— YOUR ASSIGNMENT —
Return the lines below exactly, please, from the one containing "Now named lists" through the last one, both included, and leave out any pictures.

— EXERCISE DATA —
........

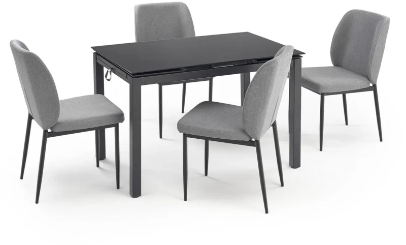Zestaw JASPER to eleganckie połączenie funkcjonalności i stylu, które doskonale sprawdzi się w jadalni lub salonie. Rozkładany stół z możliwością wydłużenia blatu z 110 cm do 170 cm pozwala dopasować przestrzeń do liczby gości, zapewniając komfort podczas wspólnych posiłków. Szklany, czarny blat w połączeniu z metalowymi nogami nadaje całości nowoczesnego i lekkiego charakteru.
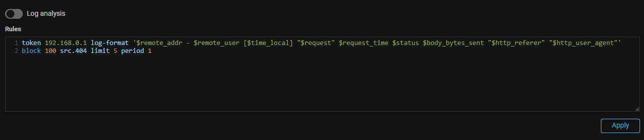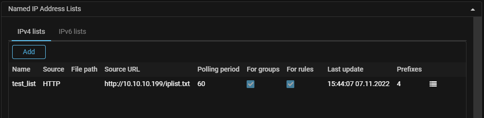 Now named lists of filtering rules containing named sets of filtering rules, like named lists of IP addresses, can be loaded from an external HTTP or HTTPS resource, from a file mounted in the backend container, or entered manually.
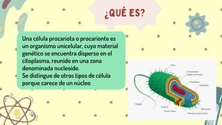 La célula procariota es una célula unicelular que carece de núcleo. Su material genético se encuentra disperso en el citoplasma en una zona llamada nucleoide. Está delimitada por una pared celular y una membrana plasmática. Realiza funciones como la transcripción, traducción, intercambio de sustancias, obtención de energía y alimentación. Se reproduce de forma asexual por división celular. Incluye bacterias y arqueas importantes que desempeñan funciones como la descomposición y la fijación

........

— RESULT OF THIS EXERCISE —
 Now named lists of filtering rules containing named sets of filtering rules, like named lists of IP addresses, can be loaded from an external HTTP or HTTPS resource, from a file mounted in the backend container, or entered manually.
 La célula procariota es una célula unicelular que carece de núcleo. Su material genético se encuentra disperso en el citoplasma en una zona llamada nucleoide. Está delimitada por una pared celular y una membrana plasmática. Realiza funciones como la transcripción, traducción, intercambio de sustancias, obtención de energía y alimentación. Se reproduce de forma asexual por división celular. Incluye bacterias y arqueas importantes que desempeñan funciones como la descomposición y la fijación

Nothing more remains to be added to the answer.